# Best printer for printing on transfer paper



## easyray29 (Apr 13, 2012)

Hello, I have an Epson WF-7010 and I am looking to get a new printer. Can anyone suggest what they consider the best out there right now. Are any of these I'm naming below any good: Epson WorkForce WF-7610 All-in-One Printer, Epson WorkForce WF-7620 All-in-One Printer, Epson WorkForce ET-16500 EcoTank Wide-format All-in-One Supertank Printer.


----------



## john221us (Nov 29, 2015)

easyray29 said:


> Hello, I have an Epson WF-7010 and I am looking to get a new printer. Can anyone suggest what they consider the best out there right now. Are any of these I'm naming below any good: Epson WorkForce WF-7610 All-in-One Printer, Epson WorkForce WF-7620 All-in-One Printer, Epson WorkForce ET-16500 EcoTank Wide-format All-in-One Supertank Printer.


I have a WF-7610 and it works fine. The 7620 adds paper capacity, if you need that. I would stay away from the EcoTank as it limits what you can do. I use Cobra ink.


----------



## AnthonyF (Nov 11, 2016)

The 7610 and 7620 are the same, just different number of paper trays. Personally I steered away from the eco-tank models because they are not borderless. I use that often enough for it to matter to me. My 7520 just died and I replaced it with a 7610, since I always had trouble with the 2nd tray. I have read here that people have had trouble using 3rd party inks with the 7600 series printers, if that's a consideration for you.


----------



## AnthonyF (Nov 11, 2016)

john221us said:


> I have a WF-7610 and it works fine. The 7620 adds paper capacity, if you need that. I would stay away from the EcoTank as it limits what you can do. I use Cobra ink.

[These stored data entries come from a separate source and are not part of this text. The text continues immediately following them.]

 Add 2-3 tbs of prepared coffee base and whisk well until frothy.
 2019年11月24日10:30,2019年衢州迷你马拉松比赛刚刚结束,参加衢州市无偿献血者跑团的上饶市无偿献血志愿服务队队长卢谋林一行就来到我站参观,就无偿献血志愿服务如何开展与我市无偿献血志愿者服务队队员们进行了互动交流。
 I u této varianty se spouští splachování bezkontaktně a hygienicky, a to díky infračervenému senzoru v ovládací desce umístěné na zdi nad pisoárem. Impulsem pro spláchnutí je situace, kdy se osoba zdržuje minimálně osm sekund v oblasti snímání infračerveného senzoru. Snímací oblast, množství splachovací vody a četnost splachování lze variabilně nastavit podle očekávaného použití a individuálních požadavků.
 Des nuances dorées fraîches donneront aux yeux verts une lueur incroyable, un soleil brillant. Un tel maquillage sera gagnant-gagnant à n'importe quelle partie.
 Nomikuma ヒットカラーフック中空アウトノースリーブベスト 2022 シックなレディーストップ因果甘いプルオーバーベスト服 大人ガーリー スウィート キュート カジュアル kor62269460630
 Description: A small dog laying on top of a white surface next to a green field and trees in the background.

You use Cobra ink with the 7610? I keep reading posts where people can't use 3rd party inks.


----------



## john221us (Nov 29, 2015)

AnthonyF said:


> You use Cobra ink with the 7610? I keep reading posts where people can't use 3rd party inks.

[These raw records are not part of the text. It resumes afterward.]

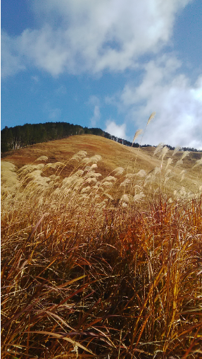 の端に連なる、穏やかなところでした。秋空にただよう途切れた白い雲と色の抜けたススキが風に揺
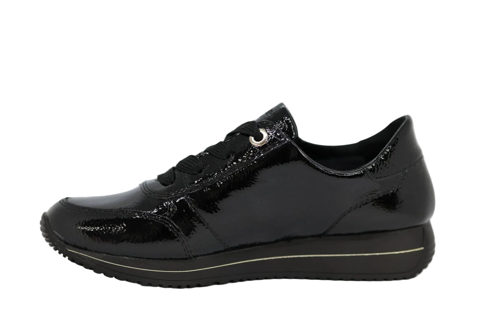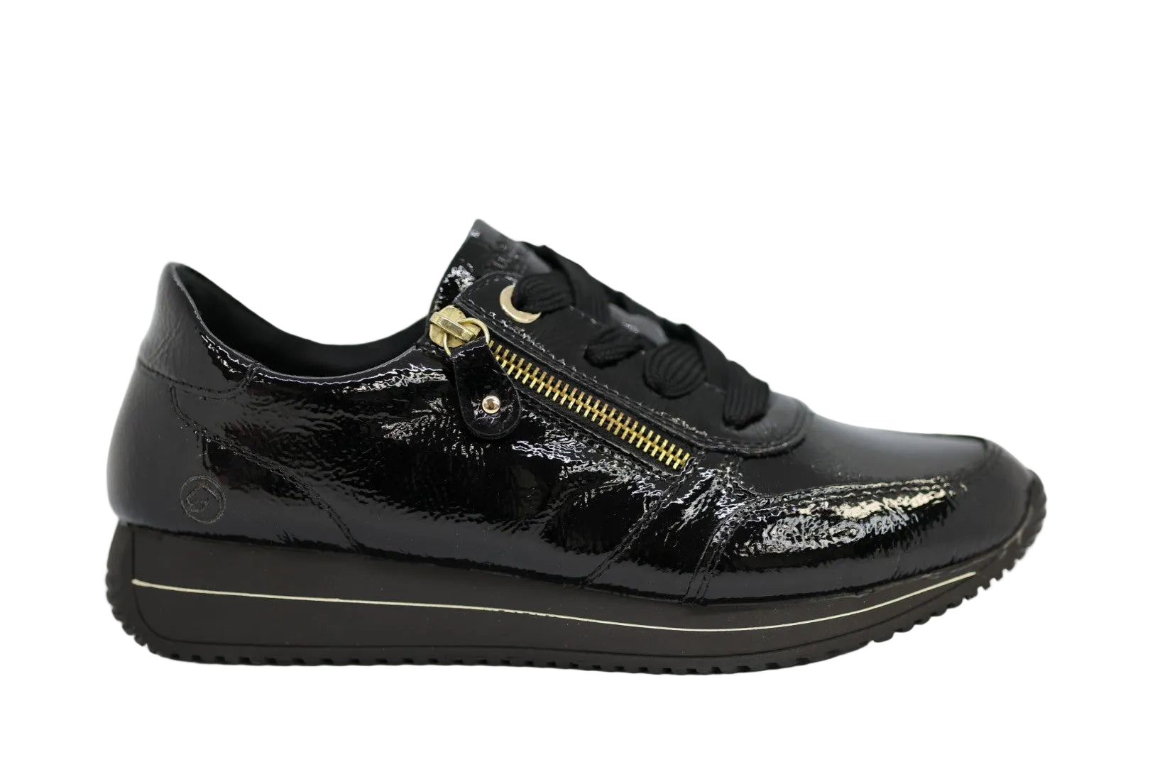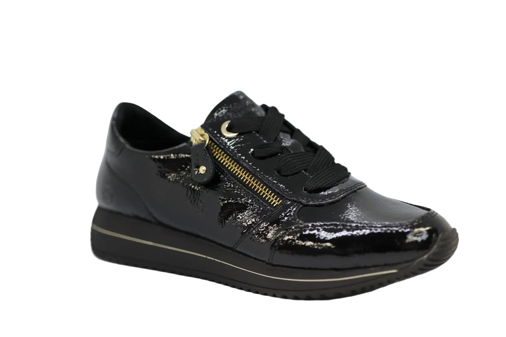 The Remonte black patent leather sneaker offers a sleek, high-shine finish with a stylish gold zip detail for a modern edge. Designed with a lace-up front and convenient side zip, it ensures a secure fit with easy on-and-off access. Perfect for everyday wear, this comfortable women’s shoe combines fashion, support, and all-day versatility.
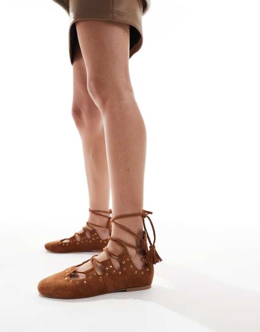 ASOS DESIGN - Lasso Boho Ghillie - Gyldenbrune ballerinaer i ruskind med bindebånd
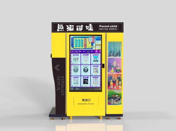 熊猫小站采用无人自助的模式运营,能够满足亲子家庭的多维度需求,用户不仅可以购买母婴用品,还可以在熊猫小站租赁童车。每台设备大约可以放置175个货品,同时容纳3-6辆童车。
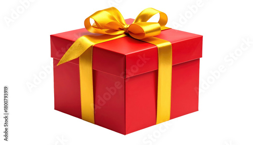 © Fitri, Obraz premium Glossy red gift box with bright yellow ribbon and bow, isolated on black

Yes, you can and it works fine. If you go to Cobra's site, you will see it listed as a supported printer.


----------



## easyray29 (Apr 13, 2012)

Thanks, I use Cobra Ink as well. Just wanted to get an all in one to save space.


----------



## STPG Press (Jul 6, 2015)

easyray29 said:


> Thanks, I use Cobra Ink as well. Just wanted to get an all in one to save space.

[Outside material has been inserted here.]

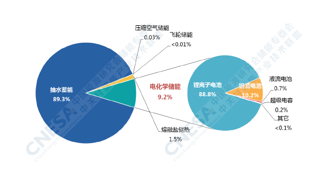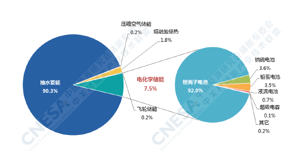 根據CNESA全球儲能項目庫的不完全統計,截至2020年底,中國已投運儲能項目累計裝機規模35.6GW,占全球市場總規模的18.6%,同比增長9.8%。其中,抽水蓄能的累計裝機規模最大,為31.79GW,同比增長4.9%;電化學儲能的累計裝機規模位列第二,為3269.2MW,同比增長91.2%;在各類電化學儲能技術中,鋰離子電池的累計裝機規模最大,為2902.4MW。
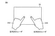 また、図2から理解されるように、ディスプレイ35に、操作者の左手(手202)で情報が入力される場合、入力に利用される指は、ディスプレイ35の左側から当該ディスプレイ35へと延びている。このため、この場合のある傾向として、操作者が意図したポイントよりも若干左寄りの位置で、指がディスプレイ35に接触するという傾向を挙げることができる。また、この場合の他の傾向として、ディスプレイ35のタッチセンサの検出出力が、ディスプレイ35と離間した位置における指やスタイラスペンの位置に影響を受け得るとき、タッチセンサにおいて検出されるタッチ位置はユーザが実際にタッチしようとした位置よりも左側にシフトするという傾向を挙げることができる。また、その際にはタッチしている部分より左側において、タッチセンサの検出出力分布に偏りが生じるという傾向を挙げることができる。  As understood from FIG. 2, when information is input to the

You can't mix inks in one printer.

EDIT: Wait, nm. I thought you wanted 1 printer to do both transfers and sublimation. You're wanting one printer that does print/scan/fax, right?


----------



## easyray29 (Apr 13, 2012)

Yes STPG Press, I want a printer, scanner, fax machine.


----------



## AINS (Jul 21, 2017)

Hello, everyone, I'm looking to buy a printer to print on 100% cotton t-shirts. I'm very new to this and I am on a budget. So I need some guidance. Below is what I'm looking at:

Printer - Epson 1430[/U][/B] or Epson wf-7110 (open to suggestions)

Ink - don't know, what ink should I get?

Weeding machine - Cricut Explore air 2 (open to suggestions) 

Transfer paper - I HAVE NO CLUE!!

I have a heat press already.

I know I don't need sublimation paper cause I'm only doing cotton shirt but everything is a bit confusing!

PLEASE HELP!!


----------